======== Data provided
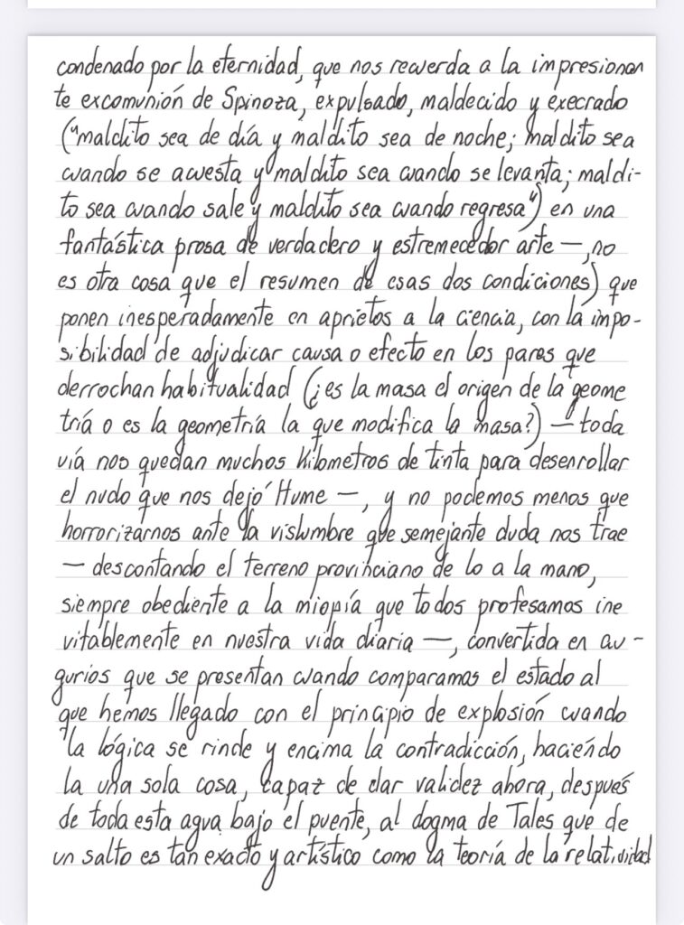 La seriedad científica se asienta sobre esos dos reconocidos pilares que son confiabilidad y validez (al fin y al cabo la falsibilidad popperiana por la que distinguimos la sobriedad de las propuestas – por la gue Freud es condenado por la eternidad, que nos recuerda a la impresionante excomunión de Spinoza, expulsado, maldecido y execrado («maldito sea de día y maldito sea de noche; maldito sea cuando se acuesta y maldito sea cuando se levanta; maldito sea cuando sale y maldito sea cuando regresa”), en una fantástica prosa de verdadero y estremecedor arte – ,no es otra cosa que el resumen de esas dos condiciones que ponen inesperadamente en aprietos a la ciencia, con la imposibilidad de adjudicar causa o efecto en los pares que derrochan habitualidad (es la masa el origen de la geometría o es la geometria la que modifica la masa?) – todavía nos quedan muchos kilómetros de tinta para desenrollar el nudo que nos dejó Hume -, y no podemos menos que horrorizarnos ante la vislumbre que semejante duda nos trae – descontando ef terreno provinciano de lo a la mano, siempre obediente a la miopía que todos profesamos inevitablemente en nuestra vida diaria -, convertida en augurios que se presentan cuando comparamos el estado al que hemos llegado con el principio de explosion cuando la lógica se rinde y encima la contradicción, haciéndola una sola cosa, capaz de dar validez ahora, después de toda esta agua bajo el puente, al dogma de Tales que de un salto es tan exacto y artístico como la teoría de la relatividad.
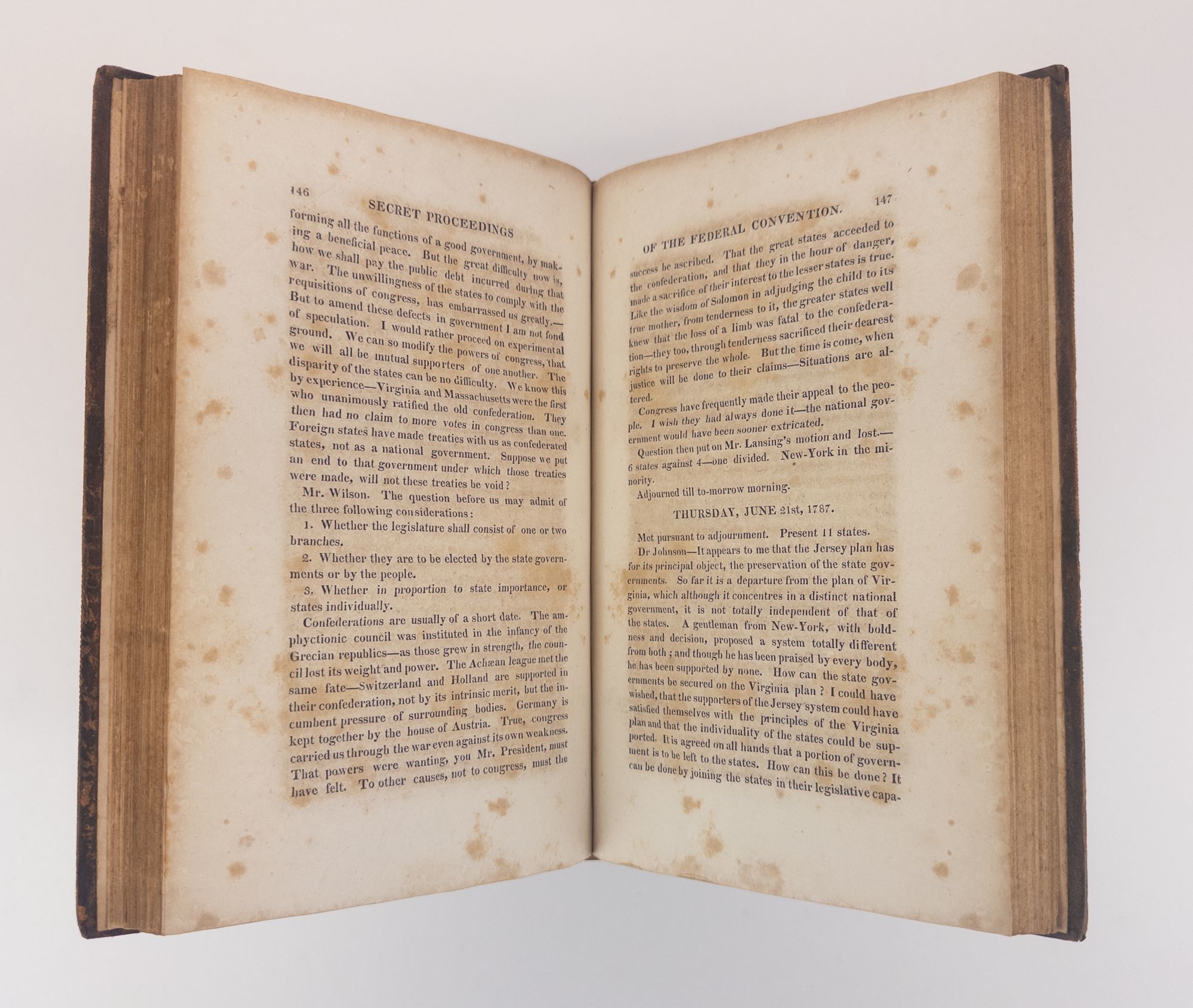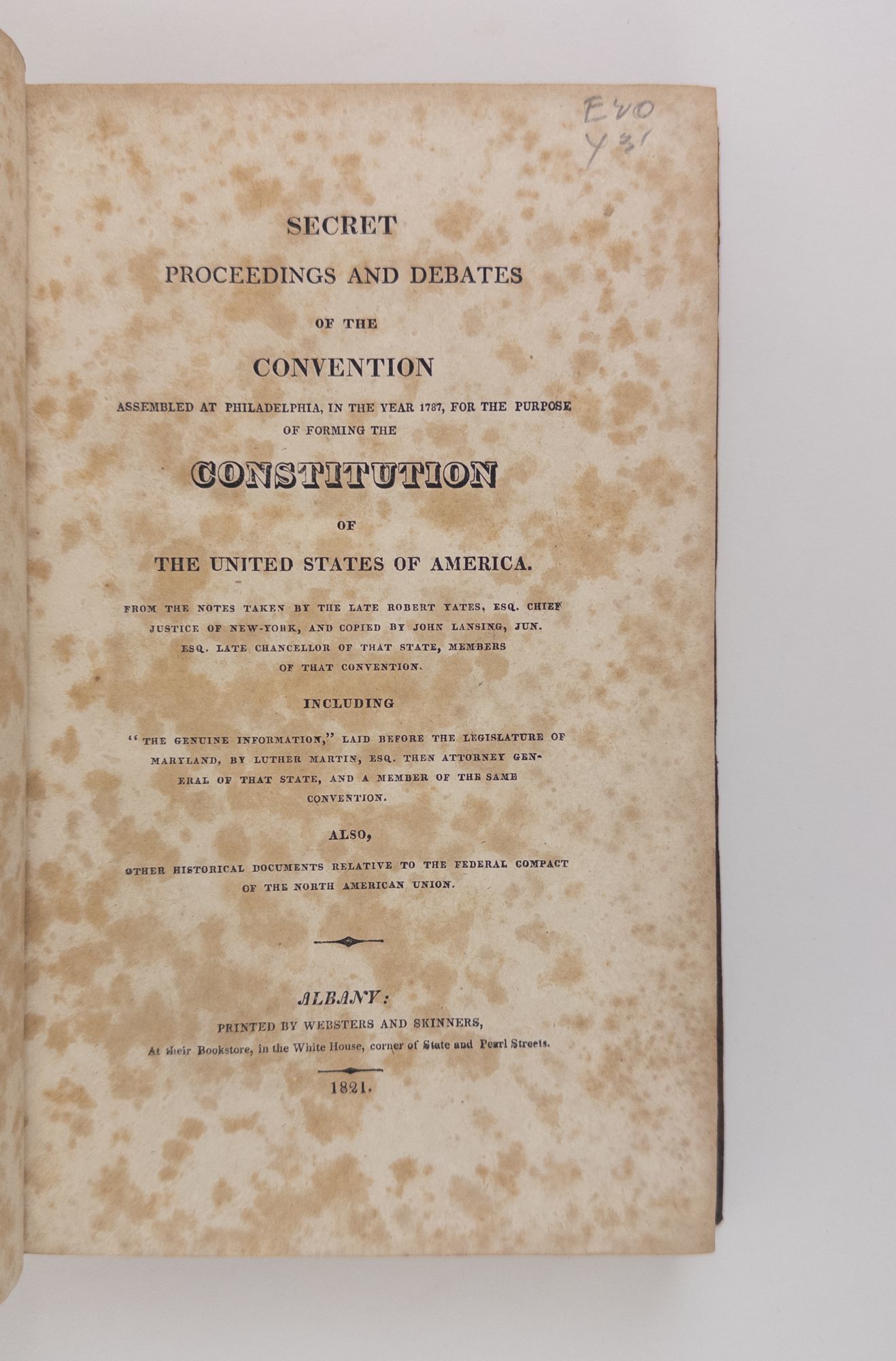 SECRET PROCEEDINGS AND DEBATES OF THE CONVENTION ASSEMBLED AT PHILADELPHIA, IN THE YEAR 1787, FOR THE PURPOSE OF FORMING THE CONSTITUTION OF THE UNITED STATES OF AMERICA. FROM THE NOTES TAKEN BY THE LATE ROBERT TATES, ESQ. CHIEF JUSTICE OF NEW YORK, AND COPIED BY JOHN LANSING, JUN. ESQ. LATE CHANCELLOR OF THAT STAE, MEMBERS OF THAT CONVENTION. INCLUDING "THE GENUINE INFORMATION," LAID BEFORE THE LEGISLATURE OF MARYLAND, BY LUTHER MARTIN, ESQ. THEN ATTORNEY GENERAL OF THAT STATE, AND A MEMBER OF THE SAME CONVENTION. ALSO, OTHER HISTORICAL DOCUMENTS RELATIVE TO THE FEDERAL COMPACT OF THE NORTH AMERICAN UNION
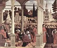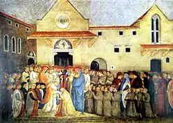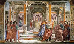 Новаторська роль в цьому питанні знову належала Мазаччо, який в церкві Санта Марія дель Карміне (Флоренція) написав фреску на сюжет урочистого освячення цього храму архієпископом Амеріго Корсіні, що мало місце в квітні 1422 року. Фреска, що знаходилася на монастирському подвір'ї на стіні над входом і не збереглася до наших днів, була виконана монохромно («зеленою землею»). Вазарі повідомляє про незліченну кількість зображених там іменитих громадян міста, що слідували за процесією. Композиція реконструюється за її описом і низкою малюнків (в тому числі молодого Мікеланджело). Швидше за все, вона була схожа на «Диво з статиром» і «Воскресіння сина Теофіла» Мазаччо (Капела Бранкаччі). У центрі, мабуть, був зображений сам акт посвячення церкви, а по обидва боки — симетрично стояли фігури громадян, які розташовувалися рядами, що йдуть в глибину. Може бути, під впливом цієї фрески Гірляндайо написав «Воскресіння сина нотаріуса» (1482–1485, церква Санта Трініта), а Біччі ді Лоренцо — «Освячення шпитальної церкви Сант Еджідіо папою Мартіном V у вересні 1420» (1420–1421, Санта Марія Нуова), втім, відповідно до дат виходить, що Біччі ді Лоренцо міг написати свою роботу раніше Мазаччо. Мазаччо, на відміну від нього, представив сцену освячення не як церковний акт, а як урочисту подія з громадського життя Флоренції, перенісши акцент на портрети видатних сучасників.
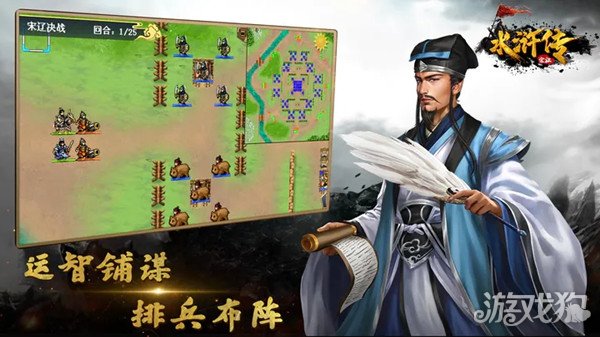 开局呼延灼部上当被引到水里,第1回合先把除呼延灼外的杀光,不开评分的可直接击杀呼延灼,杀死呼延灼触发剧情呼延灼投降且开城门宋江部分两队进攻(注意在新的回合只用一个人击杀呼延灼),攻城注意先杀远程兵(伤害较高),最后全歼敌军过关。
================
Work task: In the answer, all of the material should appear exactly as given, with no picture carried over.

Answer space:
 La seriedad científica se asienta sobre esos dos reconocidos pilares que son confiabilidad y validez (al fin y al cabo la falsibilidad popperiana por la que distinguimos la sobriedad de las propuestas – por la gue Freud es condenado por la eternidad, que nos recuerda a la impresionante excomunión de Spinoza, expulsado, maldecido y execrado («maldito sea de día y maldito sea de noche; maldito sea cuando se acuesta y maldito sea cuando se levanta; maldito sea cuando sale y maldito sea cuando regresa”), en una fantástica prosa de verdadero y estremecedor arte – ,no es otra cosa que el resumen de esas dos condiciones que ponen inesperadamente en aprietos a la ciencia, con la imposibilidad de adjudicar causa o efecto en los pares que derrochan habitualidad (es la masa el origen de la geometría o es la geometria la que modifica la masa?) – todavía nos quedan muchos kilómetros de tinta para desenrollar el nudo que nos dejó Hume -, y no podemos menos que horrorizarnos ante la vislumbre que semejante duda nos trae – descontando ef terreno provinciano de lo a la mano, siempre obediente a la miopía que todos profesamos inevitablemente en nuestra vida diaria -, convertida en augurios que se presentan cuando comparamos el estado al que hemos llegado con el principio de explosion cuando la lógica se rinde y encima la contradicción, haciéndola una sola cosa, capaz de dar validez ahora, después de toda esta agua bajo el puente, al dogma de Tales que de un salto es tan exacto y artístico como la teoría de la relatividad.
 SECRET PROCEEDINGS AND DEBATES OF THE CONVENTION ASSEMBLED AT PHILADELPHIA, IN THE YEAR 1787, FOR THE PURPOSE OF FORMING THE CONSTITUTION OF THE UNITED STATES OF AMERICA. FROM THE NOTES TAKEN BY THE LATE ROBERT TATES, ESQ. CHIEF JUSTICE OF NEW YORK, AND COPIED BY JOHN LANSING, JUN. ESQ. LATE CHANCELLOR OF THAT STAE, MEMBERS OF THAT CONVENTION. INCLUDING "THE GENUINE INFORMATION," LAID BEFORE THE LEGISLATURE OF MARYLAND, BY LUTHER MARTIN, ESQ. THEN ATTORNEY GENERAL OF THAT STATE, AND A MEMBER OF THE SAME CONVENTION. ALSO, OTHER HISTORICAL DOCUMENTS RELATIVE TO THE FEDERAL COMPACT OF THE NORTH AMERICAN UNION
 Новаторська роль в цьому питанні знову належала Мазаччо, який в церкві Санта Марія дель Карміне (Флоренція) написав фреску на сюжет урочистого освячення цього храму архієпископом Амеріго Корсіні, що мало місце в квітні 1422 року. Фреска, що знаходилася на монастирському подвір'ї на стіні над входом і не збереглася до наших днів, була виконана монохромно («зеленою землею»). Вазарі повідомляє про незліченну кількість зображених там іменитих громадян міста, що слідували за процесією. Композиція реконструюється за її описом і низкою малюнків (в тому числі молодого Мікеланджело). Швидше за все, вона була схожа на «Диво з статиром» і «Воскресіння сина Теофіла» Мазаччо (Капела Бранкаччі). У центрі, мабуть, був зображений сам акт посвячення церкви, а по обидва боки — симетрично стояли фігури громадян, які розташовувалися рядами, що йдуть в глибину. Може бути, під впливом цієї фрески Гірляндайо написав «Воскресіння сина нотаріуса» (1482–1485, церква Санта Трініта), а Біччі ді Лоренцо — «Освячення шпитальної церкви Сант Еджідіо папою Мартіном V у вересні 1420» (1420–1421, Санта Марія Нуова), втім, відповідно до дат виходить, що Біччі ді Лоренцо міг написати свою роботу раніше Мазаччо. Мазаччо, на відміну від нього, представив сцену освячення не як церковний акт, а як урочисту подія з громадського життя Флоренції, перенісши акцент на портрети видатних сучасників.
 开局呼延灼部上当被引到水里,第1回合先把除呼延灼外的杀光,不开评分的可直接击杀呼延灼,杀死呼延灼触发剧情呼延灼投降且开城门宋江部分两队进攻(注意在新的回合只用一个人击杀呼延灼),攻城注意先杀远程兵(伤害较高),最后全歼敌军过关。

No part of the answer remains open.